Regardless of claiming the remittance basis, you will always be taxable on any income and gains that have been derived from UK sourced income or UK situated assets.
If you choose to be taxed on the arising basis, you will be entitled to your Personal Allowance and Annual Exemption. You will not be required to pay a long-term resident charge, but you will pay UK on all your worldwide income and gains as they arise, regardless of where they are in the world.
Interestingly the remittance basis of taxation does not need to be claimed (and paid for) every tax year. It can be used only in years where it makes economic sense to do so.
From 6 April 2017, any non-domiciled individual who has been resident in the UK for at least 15 out of the past 20 tax years will become ‘deemed’ domiciled for income tax, CGT and IHT purposes – i.e. long-term non-doms will be taxable on a worldwide basis.
Currently, non-UK domiciles who own UK property through an offshore structure – e.g. a trust, will be outside of the scope of UK IHT.
However, from 6 April 2017, the Government has confirmed that it intends to extend the charge to UK IHT on all UK residential property held indirectly by non-doms through offshore entities.

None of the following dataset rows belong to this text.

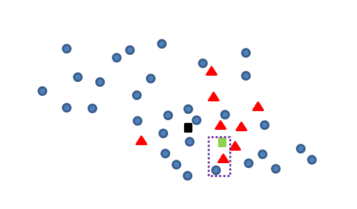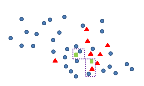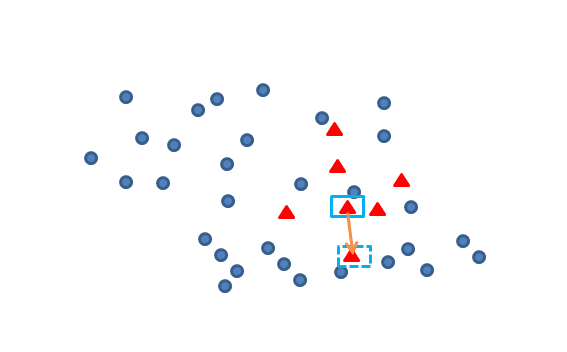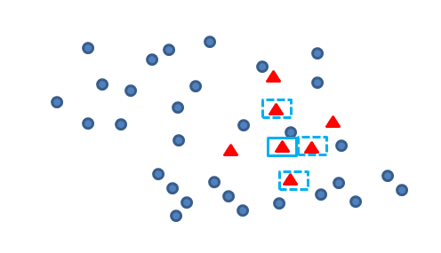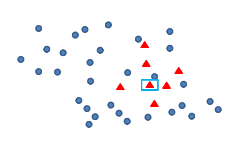 我们认为,对于新产生的青色数据点与其他非青色样本点距离最近的点,构成一对Tomek link,如下图框中的青蓝两点:
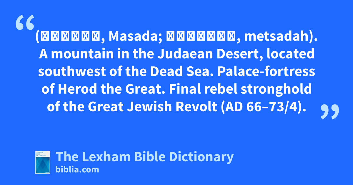 Masada (Μασάδα, Masada; מְצָדָה, metsadah). A mountain in the Judaean Desert, located southwest of the Dead Sea. Palace-fortress of Herod the Great. Final rebel stronghold of the Great Jewish Revolt (ad 66–73/4).
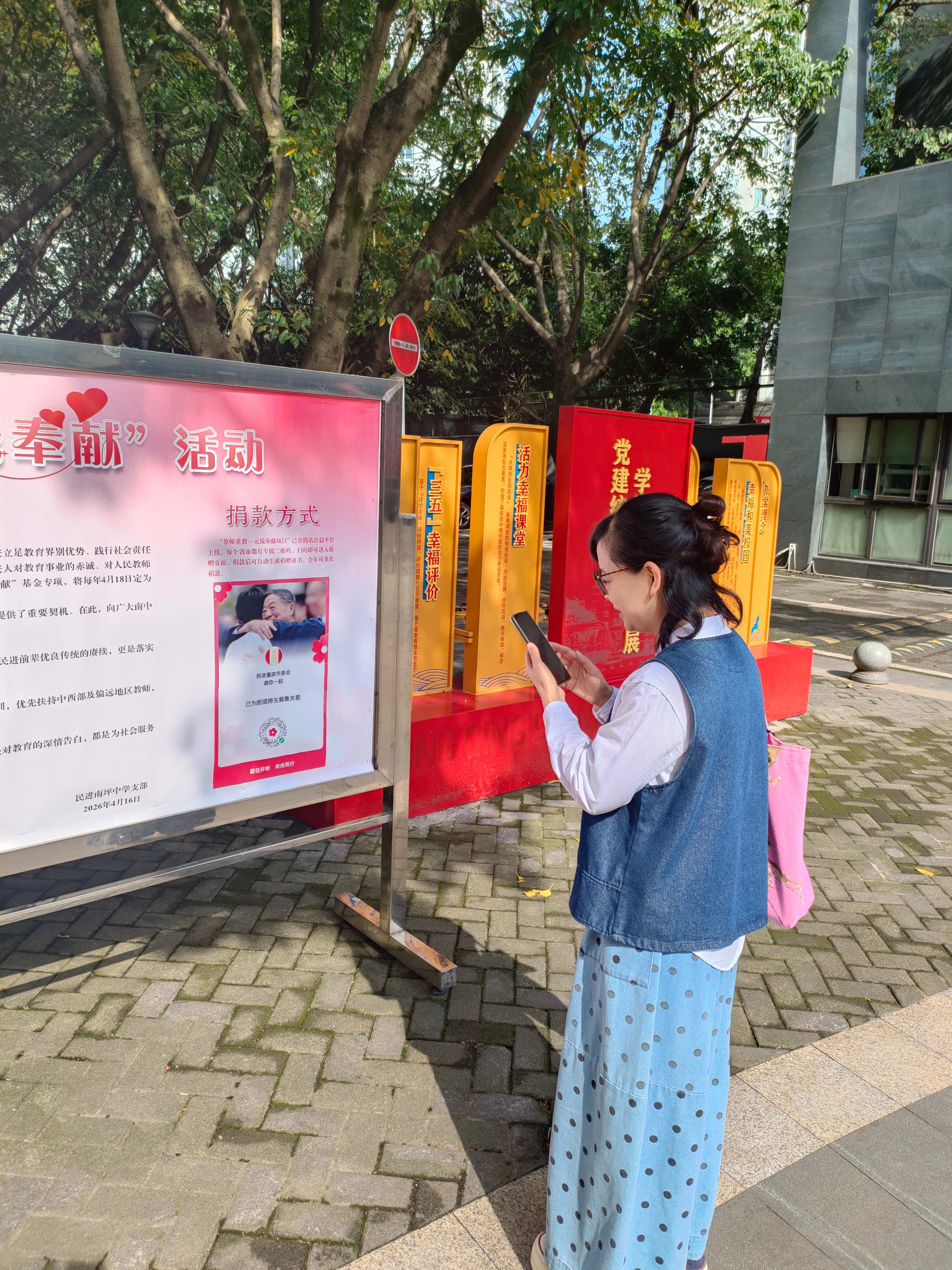 本次活动得到学校党委大力支持。学校统战工作分管领导、党委委员唐毅率先垂范,扫码捐款,唐毅委员表示,一元虽微,初心弥坚。“尊师重教一元钱奉献”不仅是对教育事业的深情助力,更是凝聚育人合力的生动实践。学校党委将持续支持民进支部履职尽责,携手深耕教育沃土,共促学校高质量发展,共迎七十华诞荣光。

This means, at death, UK IHT will be payable at 40% on the net value of the asset regardless of how it is held. Indeed some loans to finance UK residential property are also caught by these new rules.

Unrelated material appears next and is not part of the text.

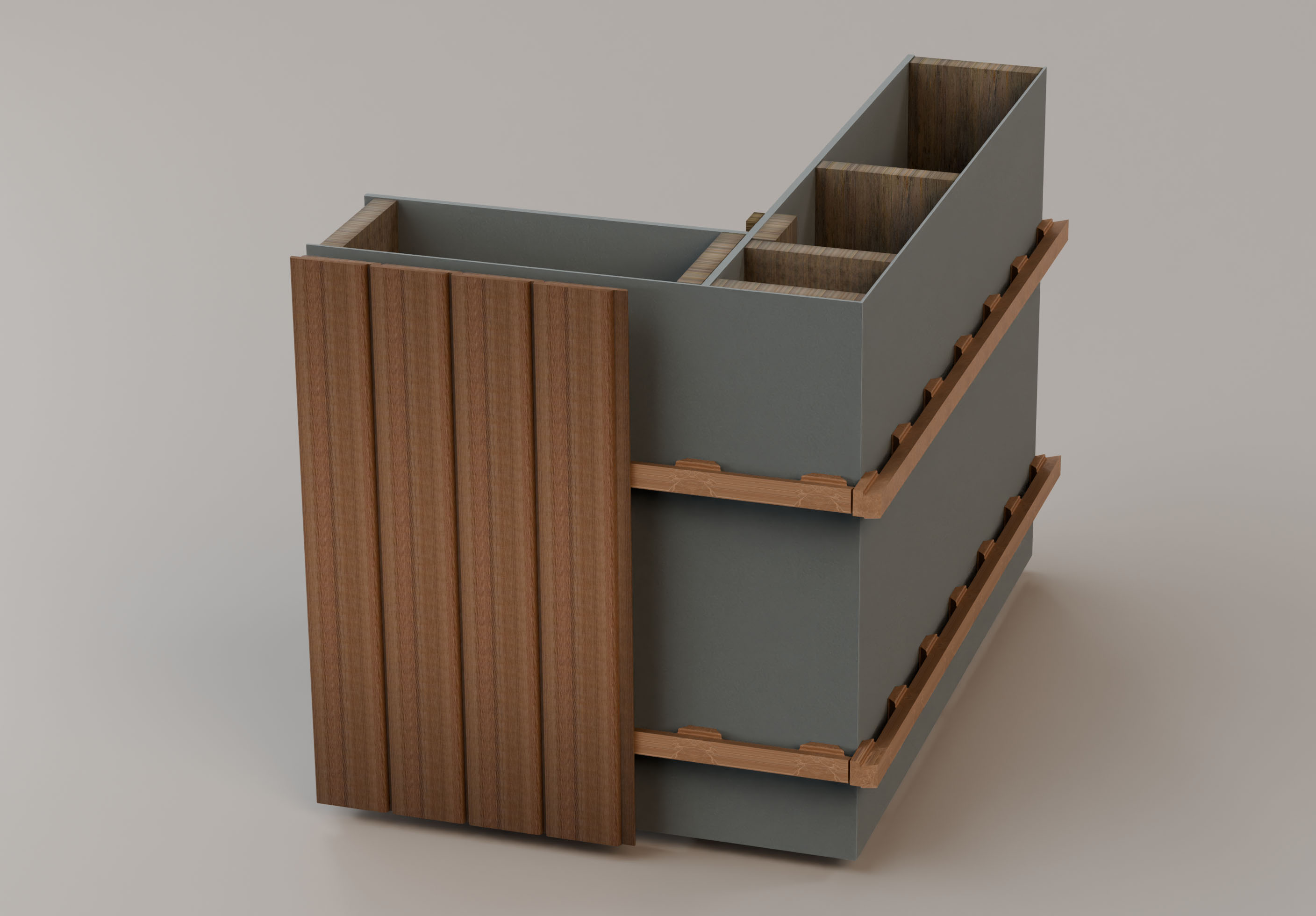 Disclaimer: Bovenstaande afbeeldingen zijn uitsluitend bedoeld als algemene richtlijn voor de verwerking van Mclad® V18-NSG/SG ventilatieregels, in combinatie met gevelbekleding en vormen geen bindend bouwkundig advies. De opbouw van de gevel als geheel dient te voldoen aan de geldende wet- en regelgeving, waaronder het Besluit bouwwerken leefomgeving (Bbl). Hierbij kan gebruik worden gemaakt van bestaande, algemeen geaccepteerde rapporten en richtlijnen uit de bouwpraktijk, zoals het SKH-attest (SKH-065). Het gebruik en de toepassing vallen onder de verantwoordelijkheid van de aannemer of andere bouwprofessionals. Wij aanvaarden geen enkele aansprakelijkheid voor schade of gebreken die voortvloeien uit een incorrecte gevelopbouw.

All non-doms, whether they will become deemed domiciled on 6 April 2017 or later, should review their worldwide assets and their ongoing financial needs both in the UK and offshore. We recommend that expert advice is sought to ensure the long term protection, flexibility and efficiency of any action taken. BDO have a specialist team who can help with this if required.
The Government’s announcements intend to make a tax system that “balances fairness and international competitiveness”, however, the changes initially may deter investment from foreign nationals who prefer a more stable and favorable tax environment. For those families remaining in the UK, consideration must be given to the holding structure of non-UK assets.

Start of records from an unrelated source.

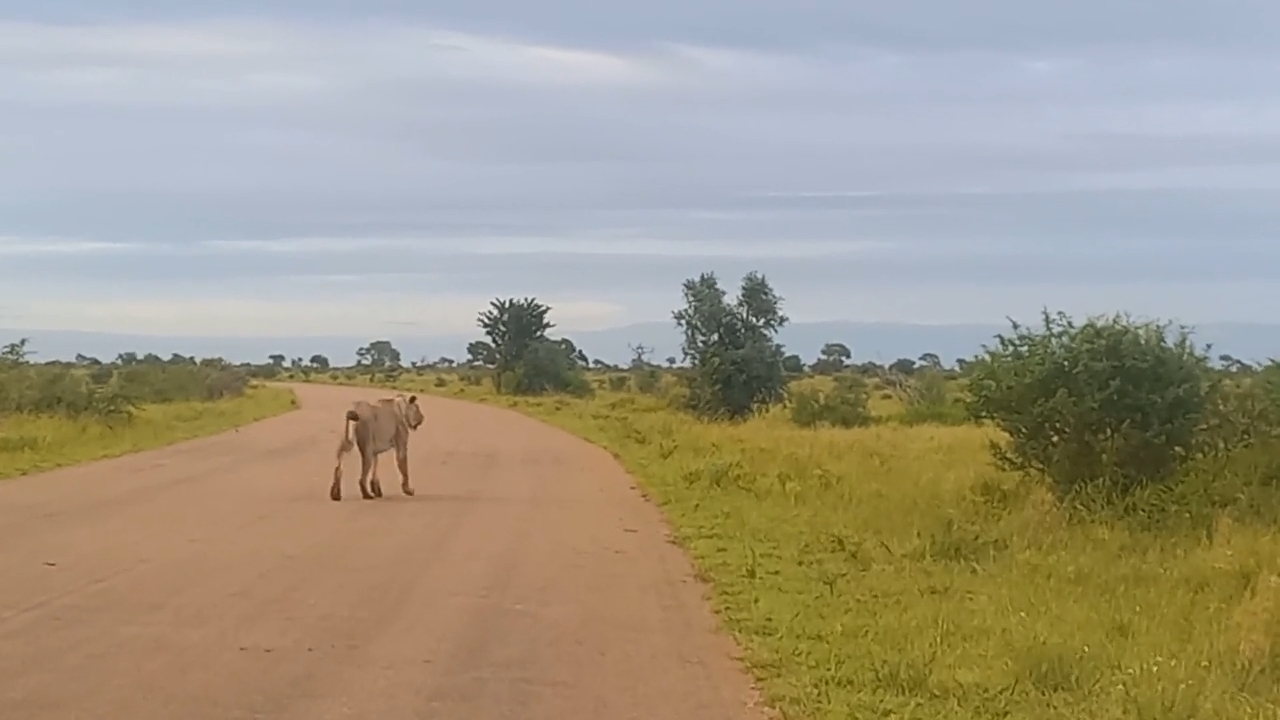 Excellent continued to film the lioness as she walked on ahead. The road was long but she appeared to have all of the time in the world.
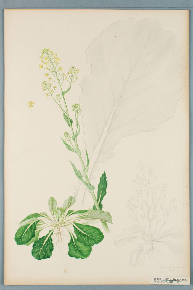 Sveriges kulturväxter. Illustration utförd av Henriette Sjöberg. Kineskål, Pe-Tsaj. Odlad Ultuna 1873. Inv. nr. C101 : 366.
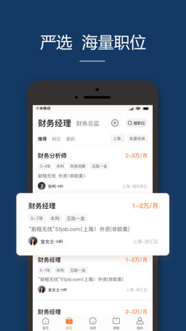 前程无忧招聘网App是专业的求职招聘服务平台。求职者可以在平台上搜索自己喜欢的工作岗位,也可以根据自己的设置进行系统的筛选和推荐,丰富的各行业招聘信息、招聘内容等可以在线预览。

Nevertheless, the changes to taxation do not need to be prohibitive, and working alongside your circumstances and objectives, BDO can provide bespoke advice to ensure you achieve your planning aims.
ATED is an annual tax payable by companies and corporate entities that own UK residential property valued at more than £500,000. Irrespective of where the company is registered or resident for tax purposes, if the company owns UK residential property which is not let to a third party, it will be subject to the ATED regime.
It is important to note however that there are reliefs which can apply in respect of ATED, meaning the liability is reduced to zero. A common relief applicable to ATED is when the property is let-out to an unconnected third party with a market rent paid or is being used as part of a property development business.
BDO can review your structure and associated UK residential property assets to determine your ATED liability and ensure this is appropriately reported to HMRC.
If you live abroad for 6 months or more per year, and receive rental income from a UK property, you’re classed as a ‘non-resident landlord’ by HMRC – even if you’re a UK resident for tax purposes.
This means you can either have 20% of your gross rental income deducted at source by your letting agent or tenant.
Alternatively, you can register as a non-resident Landlord and receive your rental income gross (without any tax being deducted), declaring rental profits as income on your UK self-assessment tax return.
The non-resident landlord scheme can have many benefits including improving cash-flow or ensuring tax is not overpaid. You must apply to HMRC to become a member of the non-resident landlord scheme and BDO can help you with this application to HMRC if required.